Article 8 of the European Convention of Human Rights does not guarantee that a person will not be extradited. It only gives a person the opportunity to impress upon the Court the impact that extradition will have on their and their families’ lives.
This was a particularly compelling case, a young father of two, who if extradited would leave behind elderly parents.
Noam Almaz obtained evidence of the impact of the young man’s absence on his family and successfully showed that it would be disproportionate to extradite a young man who had made England his home, for a crime committed when he was a child. The Court accepted all of the evidence put forward and accordingly discharged the EAW. This demonstrates the importance of the Court hearing the story of all those whom extradition will impact.
It is exceptionally hard to convince the UK Courts to doubt the mutual trust they hold in other European countries.
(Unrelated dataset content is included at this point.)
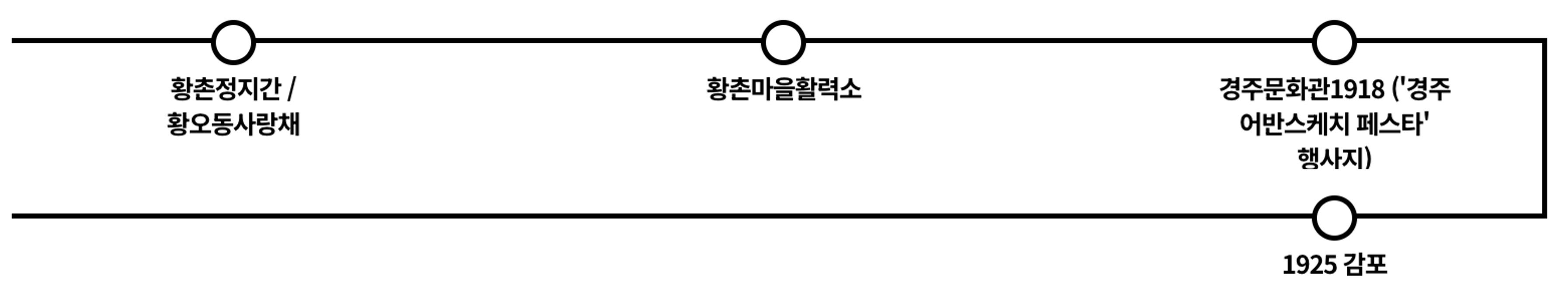 경주에서는 지역 공동체를 활성화하고 원도심에 매력을 더하는 공간과 여러 커뮤니티 활동을 만나볼 수 있다. 마을기업이 중심이 되어 음식을 매개로 한 다양한 프로그램을 운영하는 공유주방 ‘황촌정지간’, 문화적 단절이 심화된 지역에 자생이 가능한 성장 기반이 되고 있는 ‘황촌마을 활력소’, 100여 년간 운영되다가 새로운 철도 개통으로 인해 문을 닫은 경주역이 재탄생한 문화공간 ‘경주문화관 1918’, 개항 100년의 역사를 품은 감포항의 이색 카페 ‘1925 감포’가 주요 거점이다. 특히 황촌 일대와 경주문화관1918에서는 공디페의 협력프로그램인 ⟪경주 어반스케치 페스타*⟫가 열려 더욱 활기를 더했다.

The Court have long held that in the absence of ‘clear and cogent evidence’ of the kind approaching an international consensus, the Court will trust that European countries will adhere to their obligations and treat individuals with dignity and respect.
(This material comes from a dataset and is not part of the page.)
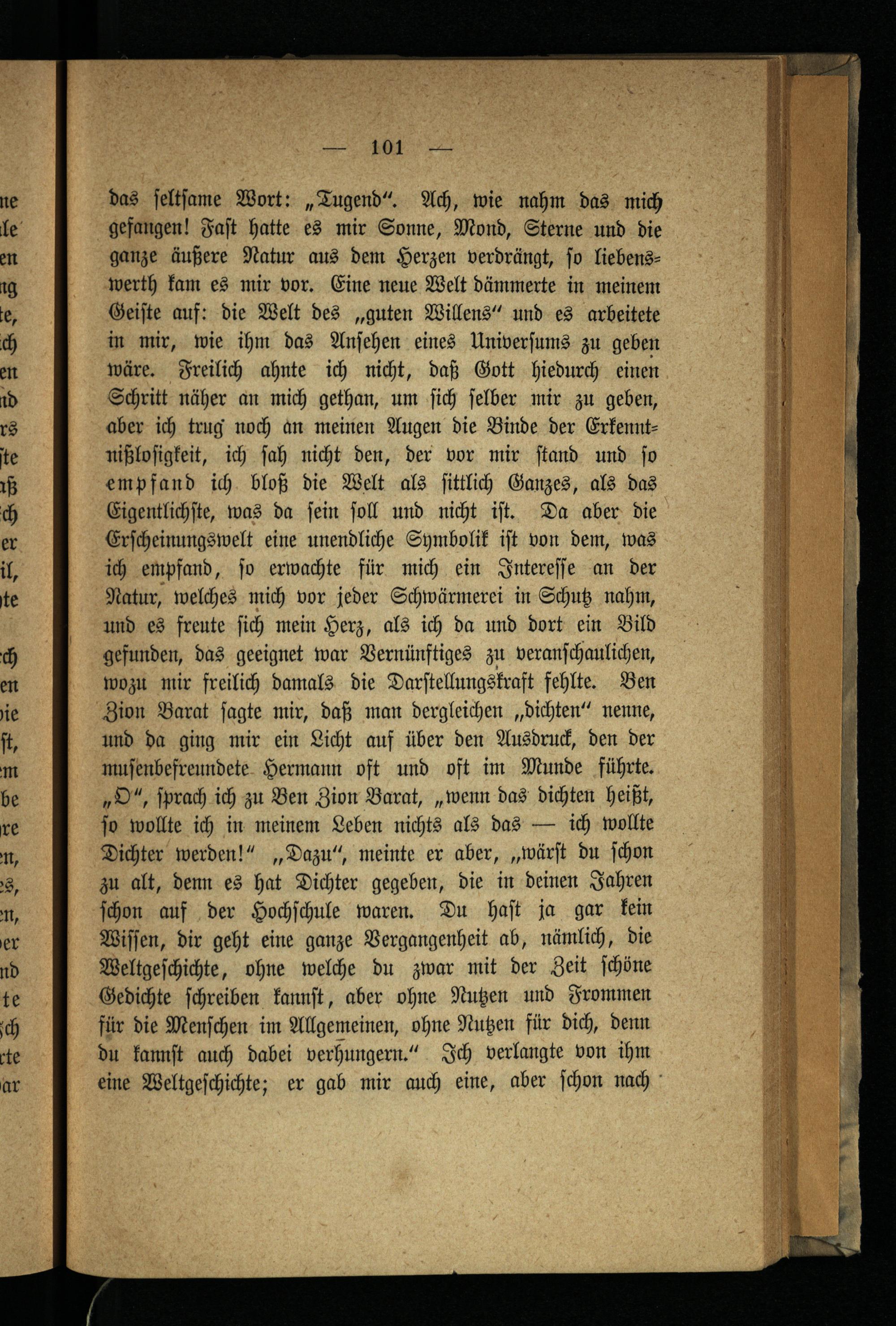 das ſeltſame Wort:„Tugend“. Ach, wie nahm das mich gefangen! Faſt hatte es mir Sonne, Mond, Sterne und die ganze äußere Natur aus dem Herzen verdrängt, ſo liebens— werth kam es mir vor. Eine neue Welt dämmerte in meinem Geiſte auf: die Welt des„guten Willens“ und es arbeitete in mir, wie ihm das Anſehen eines Univerſums zu geben wäre. Freilich ahnte ich nicht, daß Gott hiedurch einen Schritt näher an mich gethan, um ſich ſelber mir zu geben, aber ich trug noch an meinen Augen die Binde der Erkenntnißloſigkeit, ich ſah nicht den, der vor mir ſtand und ſo empfand ich bloß die Welt als ſittlich Ganzes, als das Eigentlichſte, was da ſein ſoll und nicht iſt. Da aber die Erſcheinungswelt eine unendliche Symbolik iſt von dem, was ich empfand, ſo erwachte für mich ein Intereſſe an der Natur, welches mich vor jeder Schwärmerei in Schutz nahm, und es freute ſich mein Herz, als ich da und dort ein Bild gefunden, das geeignet war Vernünftiges zu veranſchaulichen, wozu mir freilich damals die Darſtellungskraft fehlte. Ben Zion Barat ſagte mir, daß man dergleichen„dichten“ nenne, und da ging mir ein Licht auf über den Ausdruck, den der muſenbefreundete Hermann oft und oft im Munde führte. „O“, ſprach ich zu Ben Zion Barat,„wenn das dichten heißt, ſo wollte ich in meinem Leben nichts als das— ich wollte Dichter werden!“„Dazu“, meinte er aber,„wärſt du ſchon zu alt, denn es hat Dichter gegeben, die in deinen Jahren ſchon auf der Hochſchule waren. Du haſt ja gar kein Wiſſen, dir geht eine ganze Vergangenheit ab, nämlich, die Weltgeſchichte, ohne welche du zwar mit der Zeit ſchöne Gedichte ſchreiben kannſt, aber ohne Nutzen und Frommen für die Menſchen im Allgemeinen, ohne Nutzen für dich, denn du kannſt auch dabei verhungern.“ Ich verlangte von ihm

In spite of this the divisional court paused for thought in July 2018 following the case of Shumba, Bechian and Henta v France  EWHC 1762 (Admin), and found that the Appellants faced a real risk of Article 3 breach if extradited to France.
Harun Matin of National Legal Service acted for the third appellant, Mr Henta and with the expertise of Alison MacDonald QC and Emilie Pottle a vast amount of evidence was served to demonstrate to the divisional court that such a real risk existed.
This is a landmark case, as it is the first time in which the UK has considered the conditions of French prisons, following the criticism of such conditions by the Committee for the Prevention of Torture (CPT) in April 2017 and the release of statistics suggesting that some of the prisons were at 190% capacity.
The Court held at para. 87 that
“In relation to those four prisons, we are satisfied on the evidence that there may be substantial grounds for believing that the Appellants face a real risk of inhuman or degrading treatment if they are extradited”.
As a result the Court chose to adjourn to request further information on the specific risk to the three extraditees.
In November 2018, following a flurry of material served on both sides, the Court sat again to determine if such a real risk would still pertain.
Ultimately the Court found that, on the basis of the further information served by the French Judicial Authority, the risk no longer existed in relation to the appellants. The actions of Allison Macdonald QC (representing Mr Bechian, Mr Shumba and Mr Henta) and Emilie Pottle (representing Mr Henta and Mr Bechian) and Saorise Towshend (representing Mr Shumba) as well as National Legal Service solicitor undoubtedly contributed to the French authorities’ specific guarantees of the three appellants rights, as well as to more generally shine a light on the actions of the French authorities.
The scrutiny of extraditing states is another level of international accountability, essential to protecting and advancing the rights of those detained in custody.